*What you should do*
Aside from the pictures, copy the listing exactly.

*Collected material*
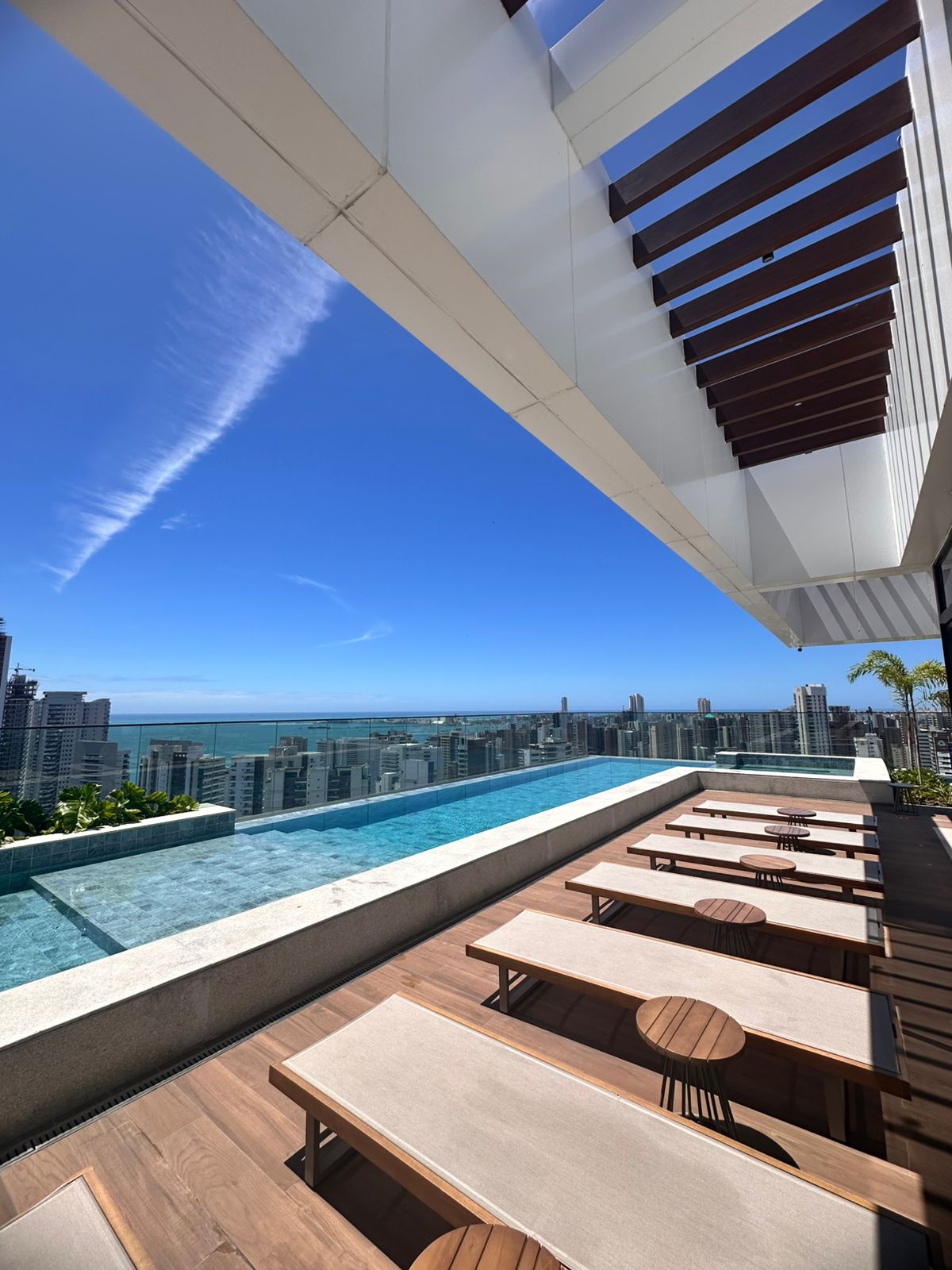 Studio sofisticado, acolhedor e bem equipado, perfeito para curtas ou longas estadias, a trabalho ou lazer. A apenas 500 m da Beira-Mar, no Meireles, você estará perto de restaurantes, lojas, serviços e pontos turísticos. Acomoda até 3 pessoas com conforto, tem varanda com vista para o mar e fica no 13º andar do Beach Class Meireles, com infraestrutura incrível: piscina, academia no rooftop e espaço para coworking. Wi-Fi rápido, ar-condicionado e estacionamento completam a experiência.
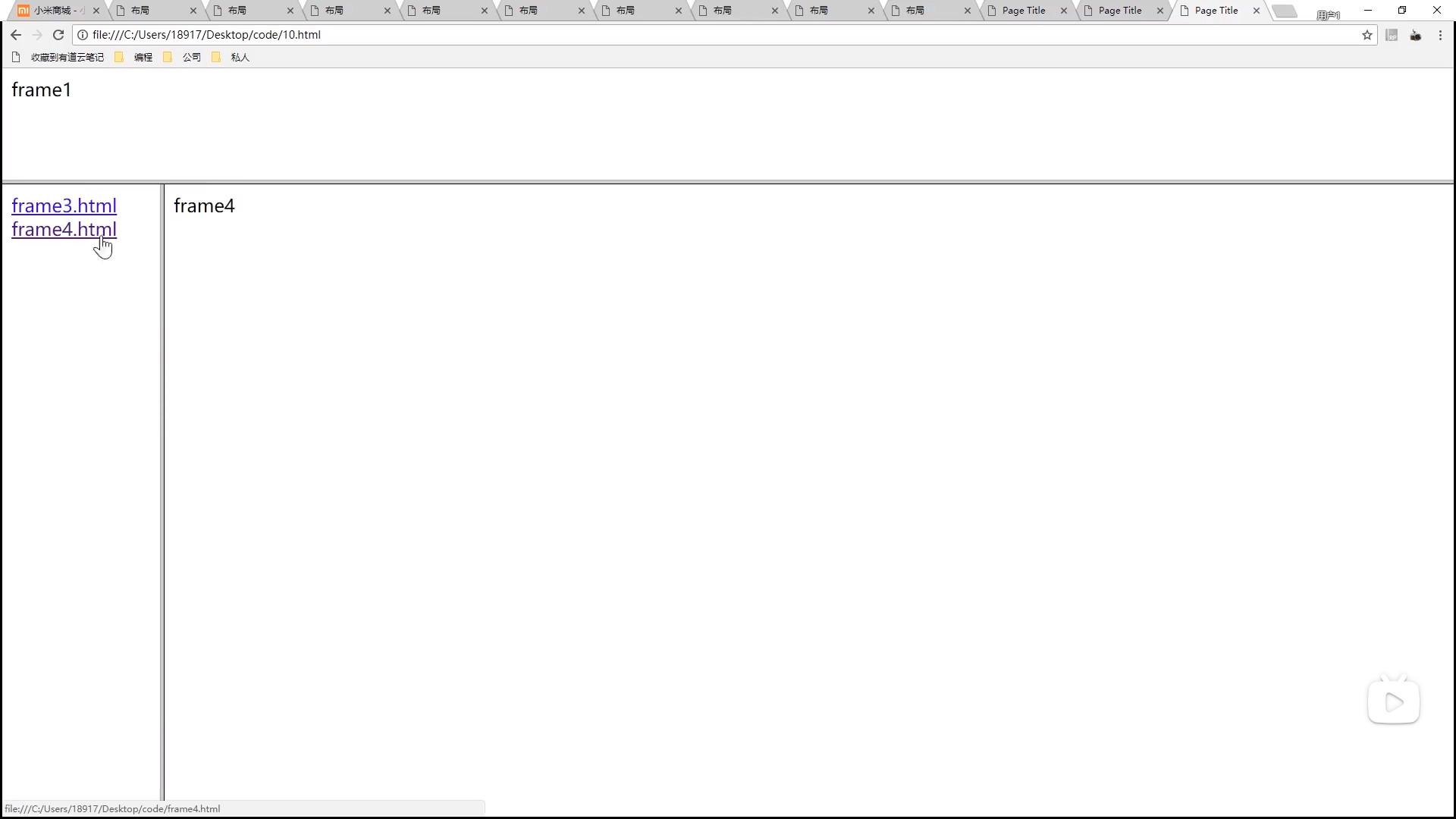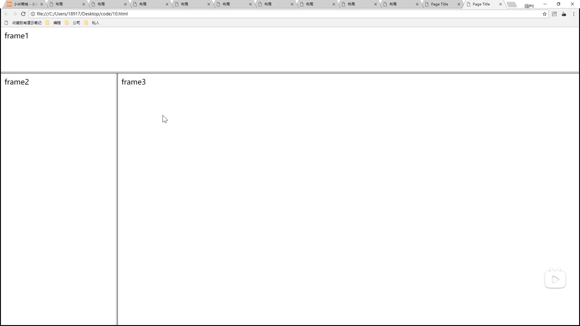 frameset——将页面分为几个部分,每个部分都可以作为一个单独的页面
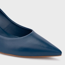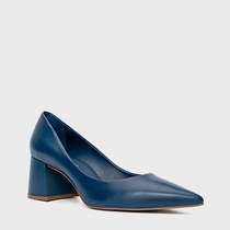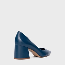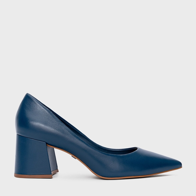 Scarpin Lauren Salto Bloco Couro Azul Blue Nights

*Solution to this exercise*
 Studio sofisticado, acolhedor e bem equipado, perfeito para curtas ou longas estadias, a trabalho ou lazer. A apenas 500 m da Beira-Mar, no Meireles, você estará perto de restaurantes, lojas, serviços e pontos turísticos. Acomoda até 3 pessoas com conforto, tem varanda com vista para o mar e fica no 13º andar do Beach Class Meireles, com infraestrutura incrível: piscina, academia no rooftop e espaço para coworking. Wi-Fi rápido, ar-condicionado e estacionamento completam a experiência.
 frameset——将页面分为几个部分,每个部分都可以作为一个单独的页面
 Scarpin Lauren Salto Bloco Couro Azul Blue Nights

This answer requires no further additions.